▸ Records excerpted from a collection
--

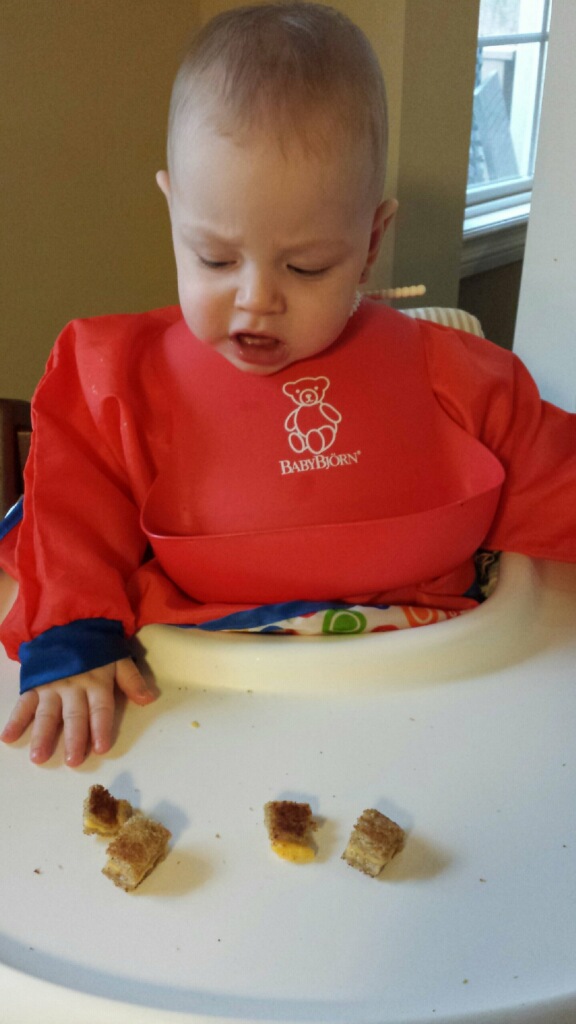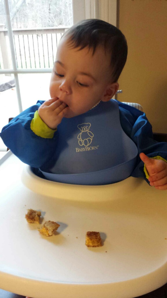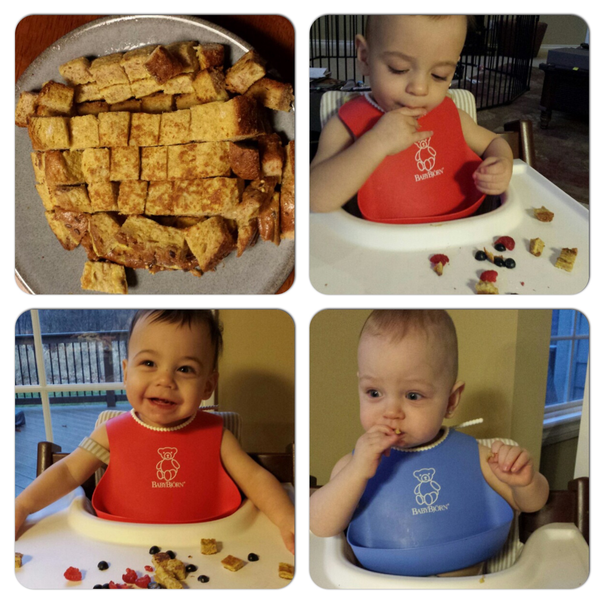 Foooooood! This past week we had french toast for the first time. Mmmmm, mmmm good. I’m sure it would be even better with sugar or syrup but they’ll have to stick with cinnamon for now.
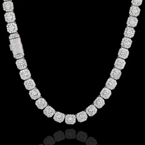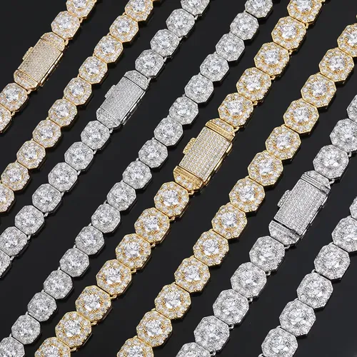 Nuoya 10mm Gold Plated Clustered Tennis Chain Necklace Iced Out Baguette Cubic Zircon Choker Necklaces
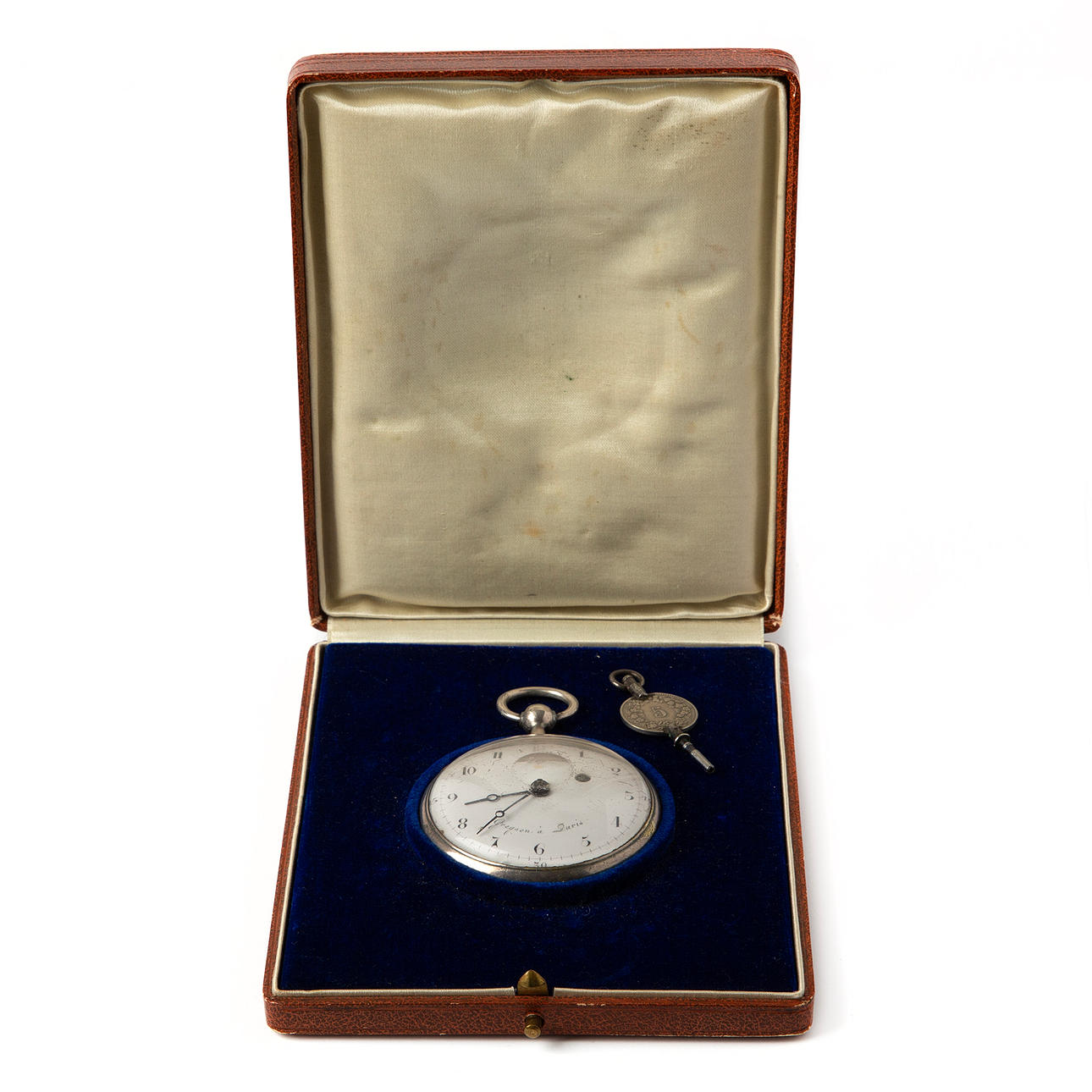 Key missions with spider gait and mineral glass. Serial number: 15029 Swedish case dated 1831 and signed AWÅ Diamètre: 53 mm Case and key included. Condition Worked at the time of cataloging. No functional warranty is provided. Service history unknown. Normal wear and tear and damaged dial. 32548
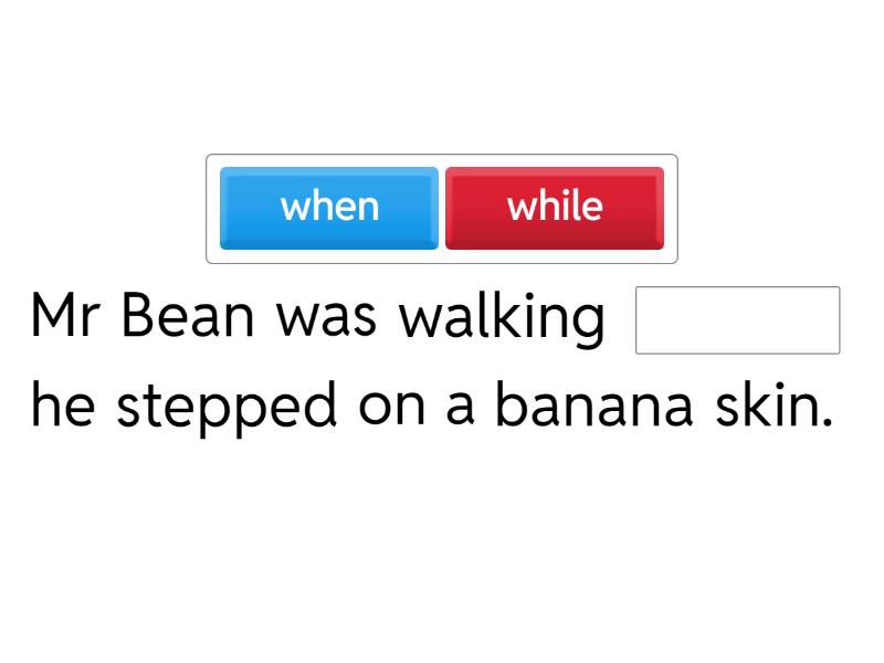 Mr Bean was walking ____ he stepped on a banana skin. The children were laughing ____ Mr Adam was saying some jokes. Ivan met Hanzala ____ he was playing in the playground. ____ the thief was escaping, Alan saw him. Minions were singing songs ____ Ken was dancing. I was using iPad ____ I was learning English.
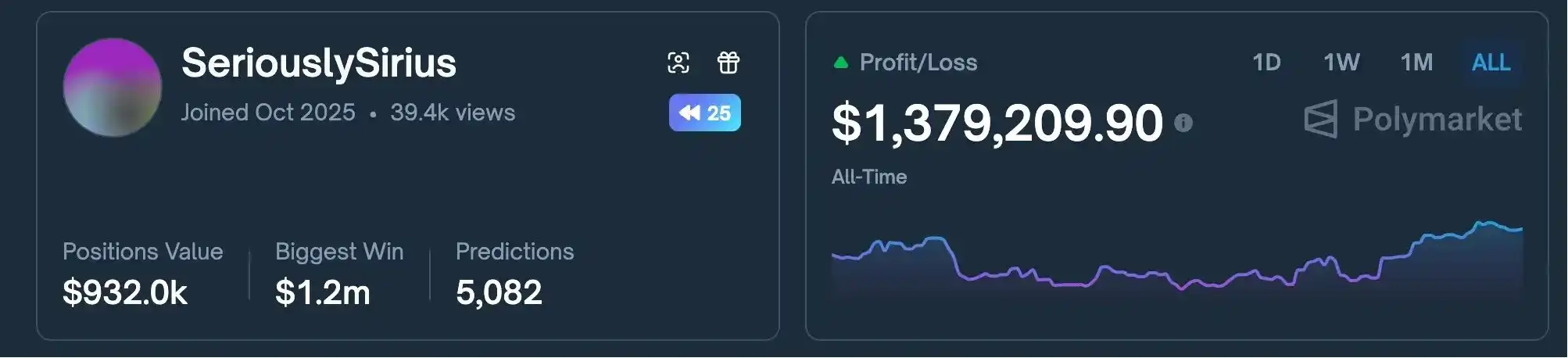 (1) Polymarket official leaderboard data;

--

▸ About this exercise
Beginning at the line that contains "Mr Bean was" and ending at the last line of the data, return each line exactly; no picture belongs in the copy.

▸ Output below
 Mr Bean was walking ____ he stepped on a banana skin. The children were laughing ____ Mr Adam was saying some jokes. Ivan met Hanzala ____ he was playing in the playground. ____ the thief was escaping, Alan saw him. Minions were singing songs ____ Ken was dancing. I was using iPad ____ I was learning English.
 (1) Polymarket official leaderboard data;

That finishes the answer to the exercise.